Silence. La difficulté à y accéder ou à s’y laisser être. Son poids, son bruit. La peur qu’il génère, le vide auquel on l’associe.
Je me souviens de ma première retraite de méditation un peu longue. Je crois que c’était à la fin de l’année 2008. J’étais partie à Dechen Choling, un lieu que j’ai revisité maintes fois depuis et qui est devenu une deuxième maison pour moi et ma famille. Je savais que j’allais y faire quelque chose de spécial: m’asseoir sur un coussin sans rien faire et vivre en silence pendant quelques jours. C’était encore à l’époque où mon désir de savoir était bruyant, il devait se dire et s’exprimer par de longs bavardages et beaucoup beaucoup de questions. Là il a du se taire et ce n’était pas si facile.
Première rencontre avec le silence
Le silence extérieur invite le silence intérieur. En théorie. En pratique, ne pas parler nous fait entendre tout notre bavardage intérieur, nos commentaires incessants sur nos expériences, nos jugements, nos évaluations sur tout. Et ce silence est assourdissant. Lors de cette première retraite, je me souviens des histoires qui tournaient en boucle dans ma tête - dont une particulièrement tenace et très surprenante: “machine m’énerve, c’est une princesse, elle en fait pas attention aux autres, elle ne pense qu’à elle, elle est comme ci, comme ça, ça m’énerve, etc …”. La personne en question n’était même pas présente, ni quelqu’un que je fréquentais régulièrement, pourtant elle a occupé mon esprit jour après jour. Celui-ci n’avait rien d’autre à faire et se cherchait desespérement des sujets de distractions, il avait peur du vide, peur d’être de lui-même, mieux vaut juger les autres semblait-il se dire. C’était épuisant, et d’ailleurs ça s’est épuisé à un moment. Derrière tout ce bavardage, la possibilité d’une grande paix a émergé pour la première fois concrètement dans mon expérience. J’en avais entendu parler bien sûr - le repos de l’esprit - c’est même certainement pour cela que j’étais là. Mais j’en faisais l’expérience - certes timide - pour la première fois.
Ça a tout changé
Ça a tout changé.
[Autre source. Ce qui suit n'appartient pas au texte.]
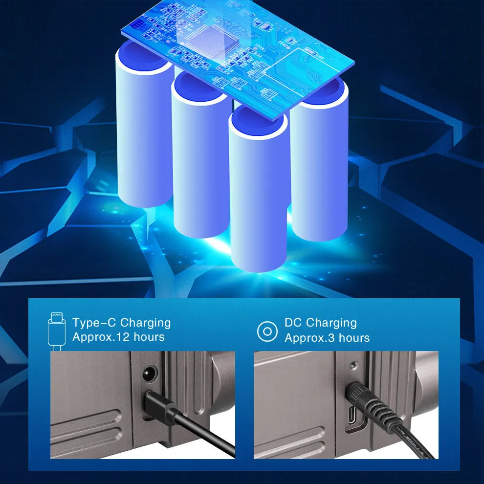 • Ladetid: 12 timer (USB-C) / 3 timer (DC)

Mon rapport au temps d’abord : il n’est plus à remplir d’une liste infinie d’anticipations pour “prendre de l’avance” sur les tâches infinies à accomplir dans l’espoir de pouvoir enfin après se reposer. La vie devient disponible, et dans le silence de la méditation, l’instant présent s’ouvre, la vie est là. Mon rapport à moi : je n’ai plus peur de moi-même, mon expérience intime m’intéresse, mes émotions sont sources de curiosité, mes bavardages sont un bruit de fond ajustable. Mon rapport au corps ensuite: lui aussi peut se relâcher dans le silence, qui n’est pas une immobilité mais le mouvement de la vie, un mouvement sans effort, qui me porte et me soutient. Mon rapport aux autres enfin: je me moque qu’on sache que je sais, je me moque de ne pas avoir d’opinions, je ne me réduis plus à ma parole. Je sais aussi être dans le silence de l’autre, avec l’autre - je sais le laisser parler pour entrer dans une connection non verbale et plus intime, plus humaine, plus profonde.
Le silence est un vide plein
C’est pour cela que je médite, non pas comme pour me faire du bien, mais pour apprendre à me laisser être dans le silence qui contient tout.